This repo implements a verison of PointPillars for detecting objects in 3d lidar point clouds. Our dataset is the Lyft Level 5 dataset which contains over 17,000 lidar sweeps and full sensor readings. The full dataset is over 200gb.

Dataset Overview

The dataset is broken up into multiple scenes, each scene contains a number of samples. A sample is a group of sensor readings that occur roughly at the same time stamp. For example a sample may contain a full lidar sweep, front, back and side camera images, and a full radar sweep. Our implementation relies only on the lidar data. A sample also contains a set of 3D ground truth bounding boxes which denote objects in the environment. The Lyft Dataset API allows us the access the sample data through a unique hash string called a sample token. The lidar data that we use is given in a coordinate system with the lidar sensor as the origin. The API allows us to transform that coordinate system so the origin is at the center-back of the car. During our pre-processing we will transfor the lidar points to this frame of reference.

Data Pre-processing

Our training-validation split is done on the basis of host car. This is arbitrary and other splits are equally valid. The script train_prep.py does a number of preprocessing steps. In train_prep.py we loop through all the sample tokens in our training and validation sets and gather a list of the file paths to the lidar data and ground truth boxes. We store the transformation matrix from sensor to car space, along with the ground truth box file paths in a dict data_dict which we can index with the lidar data filepath, i.e

data_dict[lidar_file] = {'boxes':box_filepath,'trans_matrix': car_from_sensor}.

We also store various quatities related to the anchor boxes as pickle files. These will be used later for computing IoUs with the ground truth boxes.

Model

Our Pytorch model is located in model/model.py. The main feature of the model that allows us to take the lidar data and repurpose it for object detection is implemented as PPFeatureNet. The idea is to group lidar points into pillars, thus forming a 2D grid on lidar space. From each point in a pillar we create a feature of length D. If we have P pillars and N points in each pillar then we can create a tensor of size [D,P,N] which is fed through a 1x1 convolutional network with C output channels giving us a [C,P,N] tensor. For each of the P pillars we rememeber its (x,y) location on the grid and scatter the [C,P,N] tensor back into a tensor of size [H,W,C,N]. Lastly we take the max over the last axis and we are left with a tensor of [H,W,C] (transposed to [C,H,W]), which we can feed into a standard 2D detection architecture.

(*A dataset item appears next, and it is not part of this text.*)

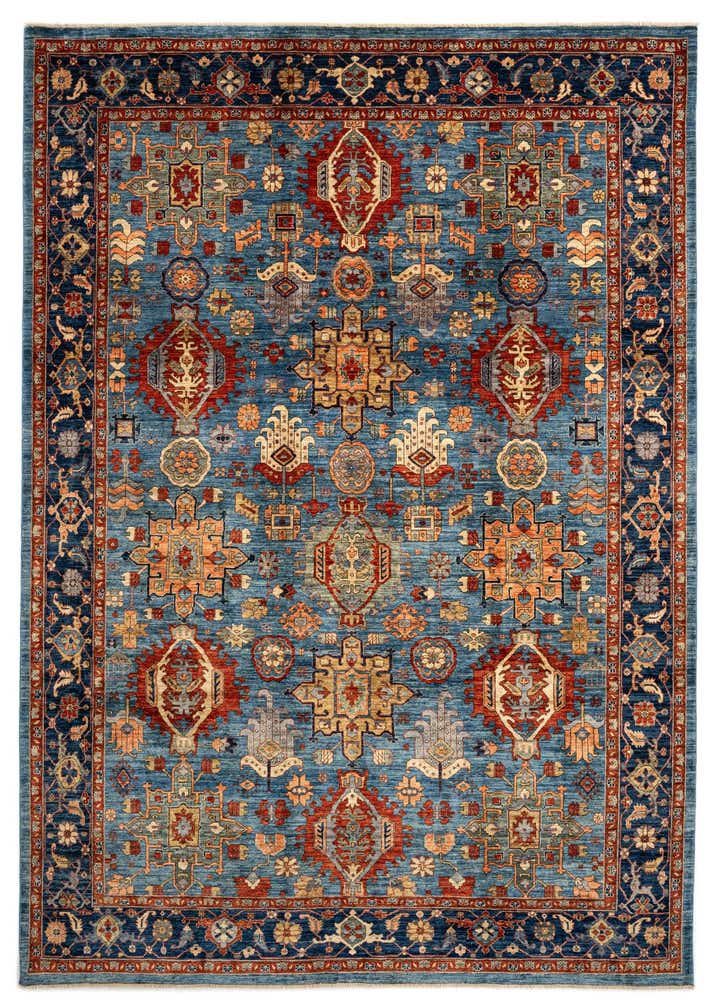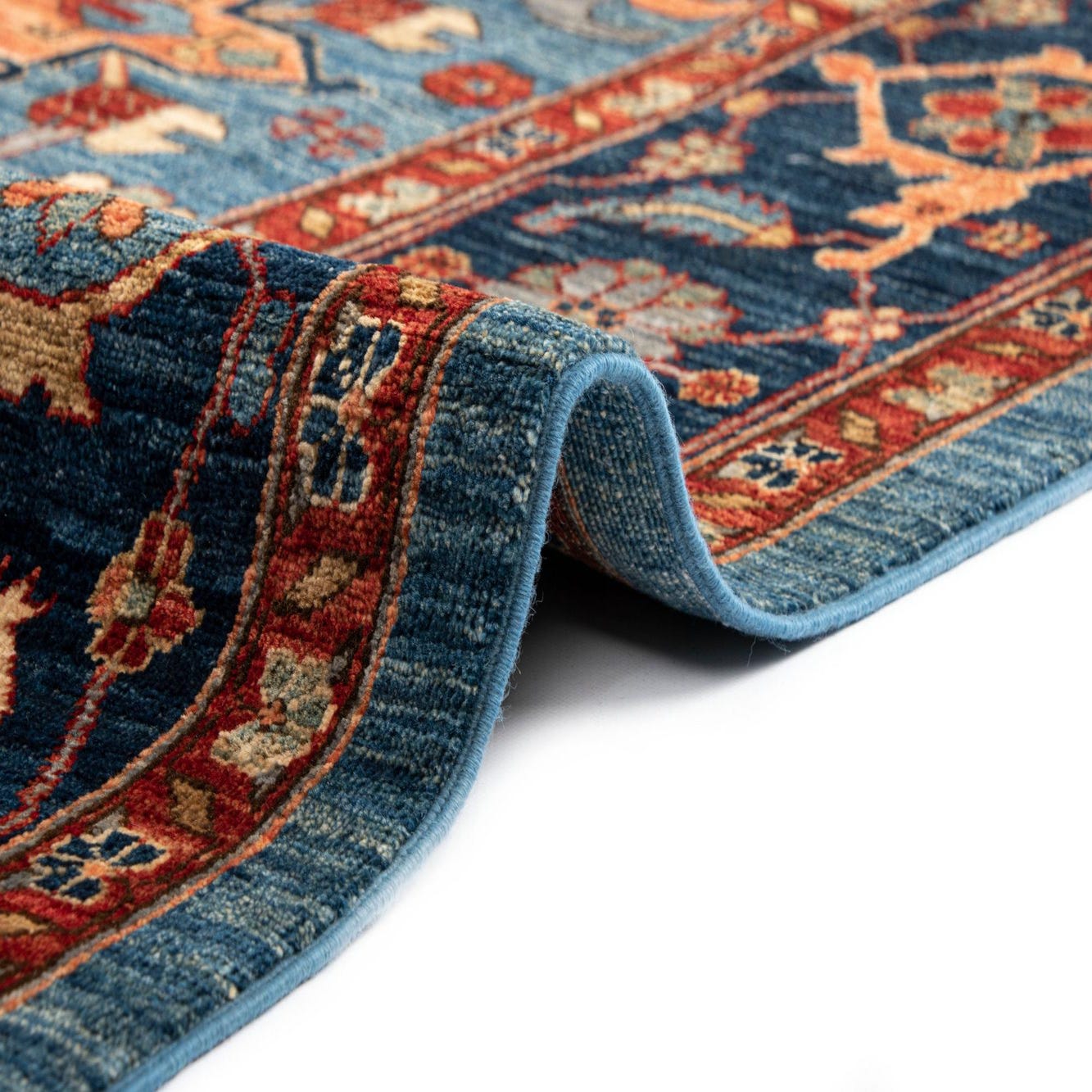 The color palette includes rich tones of blue, dark blue, red, orange, beige, green, and yellow, set against a predominantly blue background. This versatile color blend makes the rug suitable for a variety of interior design themes. The harmonious mix of warm and cool tones can complement a traditional setting, anchor an eclectic space, or serve as an accent in a minimalist area.

In our implementation, constructing the [D,P,N] tensor is done when a new batch of data fetched from the dataloader. To do this quicly we use a python C++ extension pybind11. The code for transforming the raw lidar data to the network input is in data/pillars.cpp.

Loss

The loss function is similar to other 2D object detection losses in that there is a classification and a regression loss that are combined to form the total loss. The classification loss uses Focal Loss to handle the problem of a large imbalance between background and object boxes. The regression loss uses smooth L1 loss to learn bounding box offsets as well as the height of the bounding box and it's rotation. Unlike other implementations, notably SECOND we do not use an orientation classifier for the direction of the predicted box. Instead we rotate the ground truth boxes by 180 degrees during pre-processing so all the predicted yaws are positive.

Traning Loop

For making the training targets we again use pybind11 to compute the anchor box/ground truth box IoUs. For this we utilize the Boost Geometry library which implements the API to do arbitrary polygon IoU. Due to the fact that some ground truth boxes are not axis aligned, using arbitrary polygon IoU was a quick and simple choice. This code is implemented in data/pillars.cpp. We use the one cycle learning policy from Leslie Smith to train the model.

Results

We do not implement any of the data augmentation from PointPillars or SECOND. After training for 20 epochs on 4 NVIDIA RTX 2080 ti GPUs we get a validation mAP of 0.078. This puts our implementation in the top 30/547 teams on kaggle.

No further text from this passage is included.